Peace & Justice

This is the blog of the Commission on Peace and Justice for the Roman Catholic Diocese of Albany, New York.

Friday, May 07, 2021

A Place at the Table

Today is the last day to contribute to A Place at the Table, a virtual event benefiting five outreach programs of Catholic Charities located throughout urban and rural Albany and Rensselaer counties. Every day, these programs help neighbors in need who are hungry and struggling to meet life’s challenges. The programs are:


 - Hilltowns Community Resource Center

 - Roarke Center

 - Sister Maureen Joyce Center's Food Pantry and Soup Kitchen

 - St. Johns/St. Ann's Outreach Center


A $20 monthly recurring gift could provide 1,500 pounds of food for a year at one of our food pantries. $500 could serve 520 meals for one week in our soup kitchen. 


To learn more or to donate on-line, click here.

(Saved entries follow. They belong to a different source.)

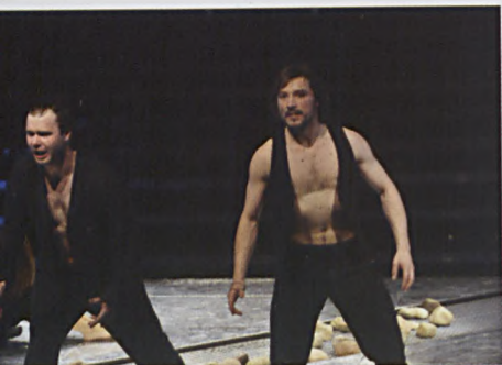
fol. K. Strudziński
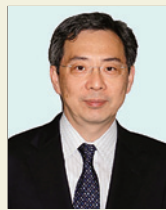
村上 晶 教授
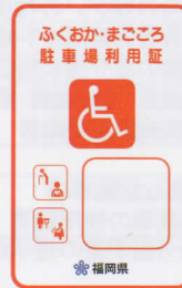
赤色 (車椅子常時利用の身障者で自ら運転)
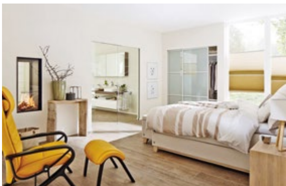
Différentes utilisations possibles du système Pocket Kit

Dès que l'entrepreneur spécialisé ou l'entreprise de parachèvement dispose des dimensions de la feuille de porte en bois ou en verre que vous en tant qu'architecte-auteur de projet avez prescrite dans votre cahier des charges, il pourra intégrer ce système solide dans la cloison légère en plaques de plâtre en deux temps trois mouvements.
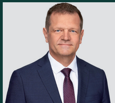
Peter Kmec podpredseda vlády Slovenskej republiky pre Plán obnovy a znalostnú ekonomiku

S podielom 54 % vyplatených zdrojov sme sa tak zaradil na piate miesto v EÚ a na prvé miesto vo V4.“
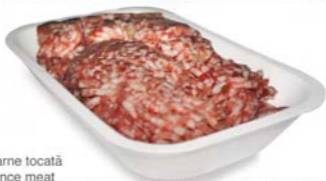
Carne tocată Mince meat
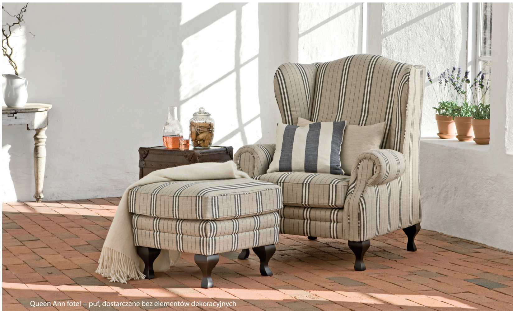
Queen Ann fotel + puf, dostarczane bez elementów dekoracyjnych

To mail a check for A Place at the Table, please send to:
Catholic Charities Tri-County Services
PO Box 28
Rensselaer, NY 12144

Wednesday, May 05, 2021

Racism and labor organizing

Sometimes we hear news that surprises us, and sometimes the reactions that we get when we share that news surprises us even more.  This story is in the latter category. 

After getting my second COVID vaccination this year, I drove to North Carolina to help my daughter and her family as she recovered from knee surgery. On the second day of the drive, I happened to be flipping through radio stations when I caught part of an interview with someone about the upcoming vote to unionize an Amazon plant in Alabama. I heard just a brief part of the interview with a white worker who was saying that while he liked the idea of a union, he would never vote for something that increased the salary of a black person.

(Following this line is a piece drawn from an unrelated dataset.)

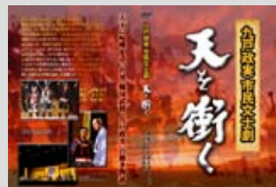
迫力のDVD、BDジャケット

問い合わせ先 二戸地域振興センター（☎23-9201）、政策推進課（内線312）
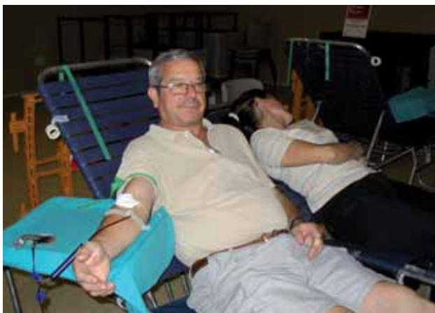
Donació de sang a la I Marató de Montornès

El proper 20 de setembre el Banc de Sang i Teixits instal·larà la unitat mòbil d'extraccions al Centre d'Atenció Primària (CAP). La visita s'inclou en la campanya anual que finalitzarà a Montornès el 20 de desembre.

I was not surprised by the comment because I spent the early part of my career in a rural part of Indiana, not far from what was called a “sundown town,” i.e., a town where black people were not allowed after dark. And because the big story while I was there was an attempt to desegregate schools, other white people were not shy about sharing their opposition to blacks and whites intermingling.

However, that did not prepare me for the reaction I got from some local white Catholics when I shared the comments with members of a local Facebook message group that tilts strongly to the right side of the political spectrum.

The first response asked for a transcript of the interview I had heard. Before I could reply, a second responder stated simply, “That story is [BS] @WalterAyres. Post that interview.”

Other replies came in quick order. “@Walter Ayres – so you think the majority of the Amazon workers in Alabama are racists. Disgusting.. . .” [For the record, I never said or implied that the majority of Amazon workers in Alabama are racists.] 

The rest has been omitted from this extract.